West Tulsa Belt Railway

Overview
- Headquarters: Tulsa, Oklahoma
- Locale: Oklahoma
- Dates of operation: 1910–1922

Technical
- Track gauge: 4 ft 8+1⁄2 in (1,435 mm)
- Length: 2.142 mi (3.447 km)

= West Tulsa Belt Railway =

Railway in Oklahoma, USA

The West Tulsa Belt Railway (WTB) was an odd railroad for multiple reasons. It had only about two miles of track, located in or about West Tulsa, Oklahoma. It had no mainline, instead consisting of just sidetracks and yards. And, it had no locomotives, rolling stock, or employees to operate it, instead being run from its inception by another railroad's equipment and personnel.

==History==
The railway was organized July 1, 1909. Its president and stockholder was W.E. Hawley of Hawley Engineering Company. Sources differ as to the purpose of the line: one says it was to connect the St. Louis–San Francisco Railway (Frisco) with the Midland Valley Railroad; another says it was just to connect the Frisco to the privately owned tracks of The Texas Company. The Texas Company, later known as Texaco, already had oil storage facilities in West Tulsa, and was beginning work on a major refinery in February 1910. In any event, after construction of the WTB had started in September 1909, the stock of the company was purchased the following year by Joseph S. Cullinan, president and founder of The Texas Company, who continued construction. He in turn sold his stock to the Frisco. The Frisco completed the line on November 13, 1910. Under the terms of a written operating agreement, the trackage was run by the Frisco with its own equipment and personnel from the first day.

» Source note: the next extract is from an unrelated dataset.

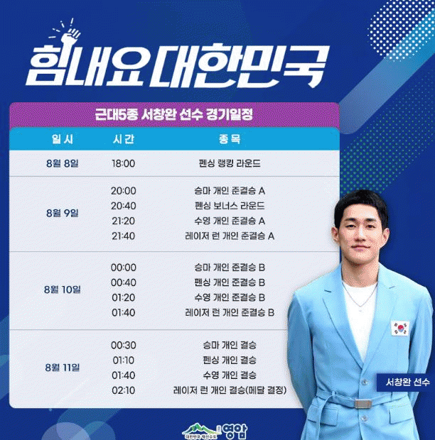 서 선수는 8일 ‘펜싱 랭킹 라운드’를 시작으로 11일까지 경기를 펼치고, 각종 방송사에서 실시간 중계가 예정돼 있다.
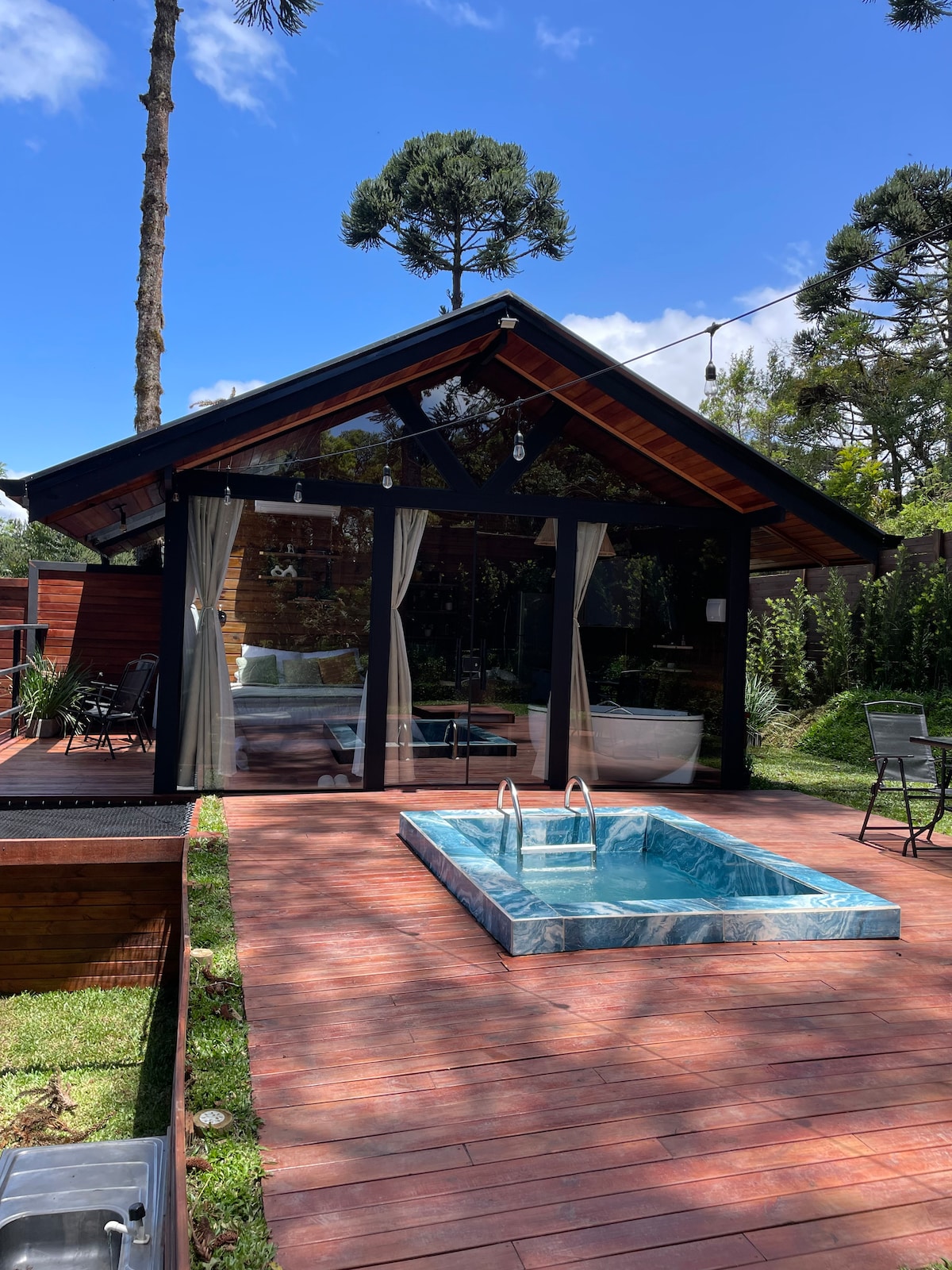 Uma cabana simples e rústica, mas cheia de conforto e charme — o refúgio perfeito para quem busca tranquilidade e romance! Você será rodeado por muito verde, pássaros e uma experiência única com animais da fazendinha. Para relaxar, desfrute de uma hidromassagem privativa e, à noite, reúna-se ao redor da fogueira para viver a experiência de um luau.

Following a takeover of operation of the railway by the US Railroad Administration during the First World War, Frisco was given permission to acquire the railroad's line and assets by order of the Oklahoma Corporation Commission on August 5, 1922. The Texaco refinery in West Tulsa, later sold to Sinclair Oil and eventually ending up with HF Sinclair, continues in operation today.